◆ **WORK TO COMPLETE**: Your copy should hold only the lines from the one holding "この度、国内での電子請求書普" through the last line of the records below, both included, each exact and with no pictures.

◆ **SUPPLIED INFORMATION**:
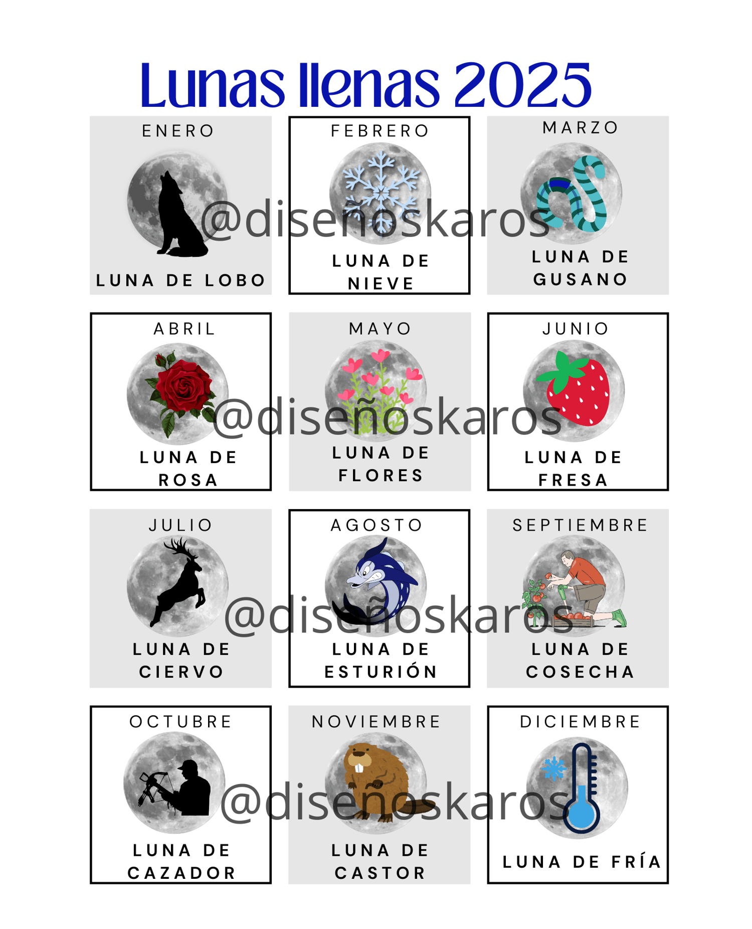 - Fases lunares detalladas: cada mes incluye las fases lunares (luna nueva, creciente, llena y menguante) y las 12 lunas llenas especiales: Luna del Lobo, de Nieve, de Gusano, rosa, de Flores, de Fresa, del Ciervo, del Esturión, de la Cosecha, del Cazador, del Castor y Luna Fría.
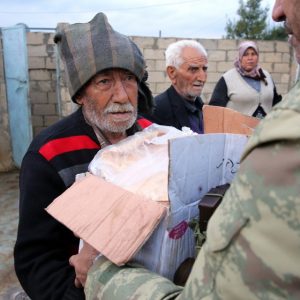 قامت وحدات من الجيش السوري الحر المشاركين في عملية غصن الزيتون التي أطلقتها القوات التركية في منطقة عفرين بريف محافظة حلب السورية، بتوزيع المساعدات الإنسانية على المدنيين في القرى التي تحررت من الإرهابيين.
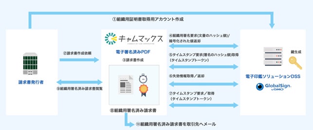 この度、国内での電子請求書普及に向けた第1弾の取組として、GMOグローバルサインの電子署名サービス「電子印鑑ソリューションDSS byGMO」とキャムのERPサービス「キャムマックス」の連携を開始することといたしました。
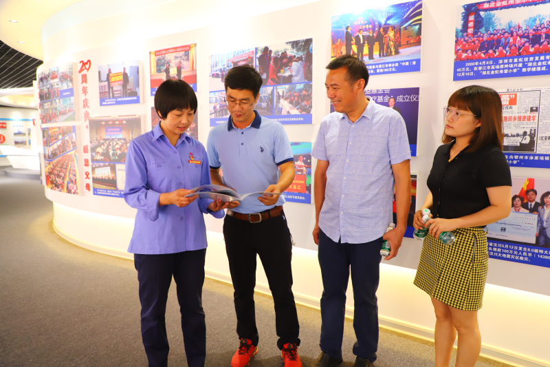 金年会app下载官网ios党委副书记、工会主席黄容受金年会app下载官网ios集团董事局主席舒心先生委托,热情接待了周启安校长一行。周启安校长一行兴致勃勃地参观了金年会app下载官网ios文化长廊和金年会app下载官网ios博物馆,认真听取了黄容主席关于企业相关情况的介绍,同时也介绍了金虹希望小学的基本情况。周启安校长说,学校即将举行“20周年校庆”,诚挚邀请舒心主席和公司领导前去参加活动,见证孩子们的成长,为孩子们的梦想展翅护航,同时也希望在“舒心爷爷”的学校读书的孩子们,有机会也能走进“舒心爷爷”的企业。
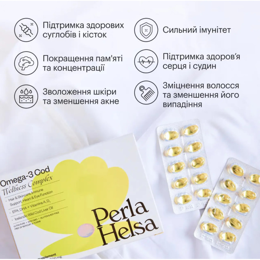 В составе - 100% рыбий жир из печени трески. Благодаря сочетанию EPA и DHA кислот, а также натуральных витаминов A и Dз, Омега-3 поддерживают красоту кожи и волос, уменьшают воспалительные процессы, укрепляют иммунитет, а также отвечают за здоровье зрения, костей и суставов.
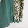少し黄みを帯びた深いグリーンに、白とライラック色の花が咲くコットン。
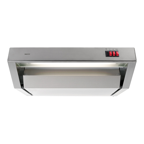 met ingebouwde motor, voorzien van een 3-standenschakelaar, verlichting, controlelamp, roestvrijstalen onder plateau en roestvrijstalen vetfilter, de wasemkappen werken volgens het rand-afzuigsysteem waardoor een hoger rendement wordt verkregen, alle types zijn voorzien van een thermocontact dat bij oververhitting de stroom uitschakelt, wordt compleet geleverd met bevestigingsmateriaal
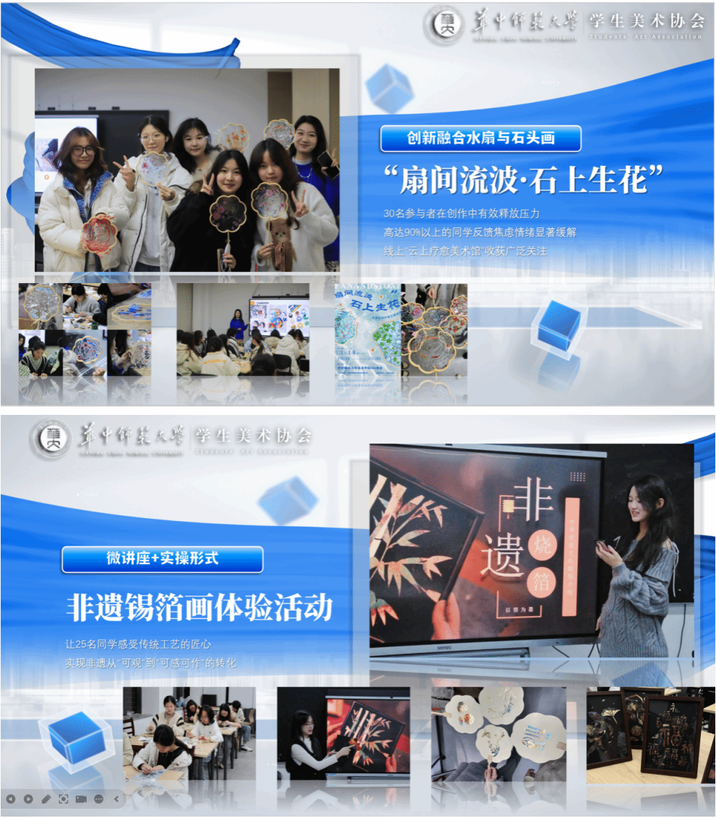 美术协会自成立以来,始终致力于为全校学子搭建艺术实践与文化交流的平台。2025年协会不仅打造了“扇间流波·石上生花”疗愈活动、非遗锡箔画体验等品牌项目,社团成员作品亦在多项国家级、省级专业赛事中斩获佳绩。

◆ **TASK OUTPUT**:
 この度、国内での電子請求書普及に向けた第1弾の取組として、GMOグローバルサインの電子署名サービス「電子印鑑ソリューションDSS byGMO」とキャムのERPサービス「キャムマックス」の連携を開始することといたしました。
 金年会app下载官网ios党委副书记、工会主席黄容受金年会app下载官网ios集团董事局主席舒心先生委托,热情接待了周启安校长一行。周启安校长一行兴致勃勃地参观了金年会app下载官网ios文化长廊和金年会app下载官网ios博物馆,认真听取了黄容主席关于企业相关情况的介绍,同时也介绍了金虹希望小学的基本情况。周启安校长说,学校即将举行“20周年校庆”,诚挚邀请舒心主席和公司领导前去参加活动,见证孩子们的成长,为孩子们的梦想展翅护航,同时也希望在“舒心爷爷”的学校读书的孩子们,有机会也能走进“舒心爷爷”的企业。
 В составе - 100% рыбий жир из печени трески. Благодаря сочетанию EPA и DHA кислот, а также натуральных витаминов A и Dз, Омега-3 поддерживают красоту кожи и волос, уменьшают воспалительные процессы, укрепляют иммунитет, а также отвечают за здоровье зрения, костей и суставов.
少し黄みを帯びた深いグリーンに、白とライラック色の花が咲くコットン。
 met ingebouwde motor, voorzien van een 3-standenschakelaar, verlichting, controlelamp, roestvrijstalen onder plateau en roestvrijstalen vetfilter, de wasemkappen werken volgens het rand-afzuigsysteem waardoor een hoger rendement wordt verkregen, alle types zijn voorzien van een thermocontact dat bij oververhitting de stroom uitschakelt, wordt compleet geleverd met bevestigingsmateriaal
 美术协会自成立以来,始终致力于为全校学子搭建艺术实践与文化交流的平台。2025年协会不仅打造了“扇间流波·石上生花”疗愈活动、非遗锡箔画体验等品牌项目,社团成员作品亦在多项国家级、省级专业赛事中斩获佳绩。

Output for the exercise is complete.